Things were about to change. Yes, New York, here I come! At last, after riding the fast-jerking, up-anddown thrusting of the music biz pogo stick, I was on my way to signing my first big contract—my agent had negotiated an album, a concert tour, and a guaranteed promotional budget. It wasn’t enormous, but it was far more than the near nothing I’d achieved up to this point and enough for me to leave home gloating that I had a handful of four-leaf clovers. My problems were about to end. I was finally going to give my family everything I had all but guaranteed them. The pain of doubt and the seduction of hope were over. Benny Wright had arrived. When I departed for The Big Apple, my thoughts were not in New York. I was already back home, gleaming as I watched Jewel read the fine print of a record deal that would assure our next step—a move to one flank of the country or the other, either to Los Angeles or New York. By the following evening, together with my love, I’d be planning to “watch as my family travels by cruise, an ocean of sky and a sky of music.” Benny Wright and his clan “lost in a daze of awe and amusement.”
CHAPTER 2: LET’S WRAP THIS BABY UP
I wandered around New York City for a several hours before the meeting. I recall eating a bagel and lox for breakfast at Carnegie’s Deli at the corner of 7th Avenue and 55th Street before the sun peeked out. With so much time to kill, I thought of shopping for gifts for the family, but most of the retail stores were still closed.
Then in no time, the main streets were packed with cars and humans. I wondered how so many people could be in such a hurry at the same time. How many important matters could be taking place at the same exact instant? The mass of humanity looked like the chaotic frenzy of bees swarming around a hive. But as I stopped in one spot and watched, I realized that each separate unit of mankind was purposeful in a singular pursuit that served the whole no different than worker bees blindly functioning in the service of the queen.
New York City was their hive, the sacred queen shrouded somewhere in the bowels of the concrete, earth, and steel matter. But who was the king, I wondered. Who impregnated the queen so that she could give birth to her army of faithful soldiers? I would soon have my answer.

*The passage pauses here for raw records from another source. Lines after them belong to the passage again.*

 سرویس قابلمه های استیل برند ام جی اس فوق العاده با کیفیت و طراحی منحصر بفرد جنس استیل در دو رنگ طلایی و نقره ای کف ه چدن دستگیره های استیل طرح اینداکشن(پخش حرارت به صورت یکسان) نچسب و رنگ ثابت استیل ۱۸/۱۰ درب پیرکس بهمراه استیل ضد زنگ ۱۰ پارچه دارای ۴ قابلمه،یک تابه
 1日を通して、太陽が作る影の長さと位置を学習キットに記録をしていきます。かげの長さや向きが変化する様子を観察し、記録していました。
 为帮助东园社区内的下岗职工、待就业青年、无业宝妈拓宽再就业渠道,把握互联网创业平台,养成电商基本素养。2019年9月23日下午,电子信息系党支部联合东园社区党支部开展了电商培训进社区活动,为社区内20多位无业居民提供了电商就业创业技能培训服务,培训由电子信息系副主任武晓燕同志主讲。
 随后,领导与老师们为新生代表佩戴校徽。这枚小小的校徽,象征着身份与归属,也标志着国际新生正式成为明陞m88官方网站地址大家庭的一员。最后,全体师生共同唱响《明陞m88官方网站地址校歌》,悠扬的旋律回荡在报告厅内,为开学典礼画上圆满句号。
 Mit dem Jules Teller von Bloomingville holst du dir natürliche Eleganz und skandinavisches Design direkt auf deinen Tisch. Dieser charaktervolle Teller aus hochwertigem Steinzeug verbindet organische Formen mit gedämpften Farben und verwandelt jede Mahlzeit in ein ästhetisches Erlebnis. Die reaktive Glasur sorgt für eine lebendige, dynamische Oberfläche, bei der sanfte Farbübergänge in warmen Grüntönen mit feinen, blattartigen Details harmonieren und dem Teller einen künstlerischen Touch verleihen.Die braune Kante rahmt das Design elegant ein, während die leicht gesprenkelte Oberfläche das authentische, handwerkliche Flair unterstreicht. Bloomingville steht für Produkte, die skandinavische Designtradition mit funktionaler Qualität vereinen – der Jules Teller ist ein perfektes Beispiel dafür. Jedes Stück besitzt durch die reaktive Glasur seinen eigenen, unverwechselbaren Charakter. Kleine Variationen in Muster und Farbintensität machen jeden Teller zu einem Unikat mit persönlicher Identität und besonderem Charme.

I moseyed along the busy avenues and occasionally detoured laterally along some of the less populated side streets. It was there that I came upon some vagrants who were still sleeping. Some of the more prosperous ones were honored to rest in dirty sleeping bags discarded by more affluent residents. But there were also many lying motionless in their street clothing—I was repulsed by the stench and appearance of urine and feces-stained fabrics dampened by cheap spirits.

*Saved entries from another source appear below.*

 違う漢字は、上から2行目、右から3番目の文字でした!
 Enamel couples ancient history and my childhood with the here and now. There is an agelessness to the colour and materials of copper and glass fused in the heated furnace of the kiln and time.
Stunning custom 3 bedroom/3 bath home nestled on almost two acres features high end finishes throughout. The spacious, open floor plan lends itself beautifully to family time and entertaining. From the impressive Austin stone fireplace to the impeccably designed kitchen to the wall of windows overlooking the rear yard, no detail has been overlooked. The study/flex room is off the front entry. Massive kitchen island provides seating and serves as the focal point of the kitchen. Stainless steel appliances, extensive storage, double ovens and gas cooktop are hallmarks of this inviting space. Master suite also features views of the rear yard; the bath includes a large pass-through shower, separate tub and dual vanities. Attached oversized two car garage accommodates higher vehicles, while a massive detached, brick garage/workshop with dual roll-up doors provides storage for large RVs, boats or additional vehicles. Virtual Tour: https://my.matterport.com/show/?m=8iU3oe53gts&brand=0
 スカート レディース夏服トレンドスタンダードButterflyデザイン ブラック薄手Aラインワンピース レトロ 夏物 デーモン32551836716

At first, it seemed no different than what I frequently observed in parts of Detroit. But then it dawned on me that it was not the same—at home I rarely paid attention to them. They seemed now, as I strolled along the pavement, human beings with histories no different than the wealthy and successful residents of the neighborhood where they took refuge, cuddled next to the stoops of buildings or alongside trash containers.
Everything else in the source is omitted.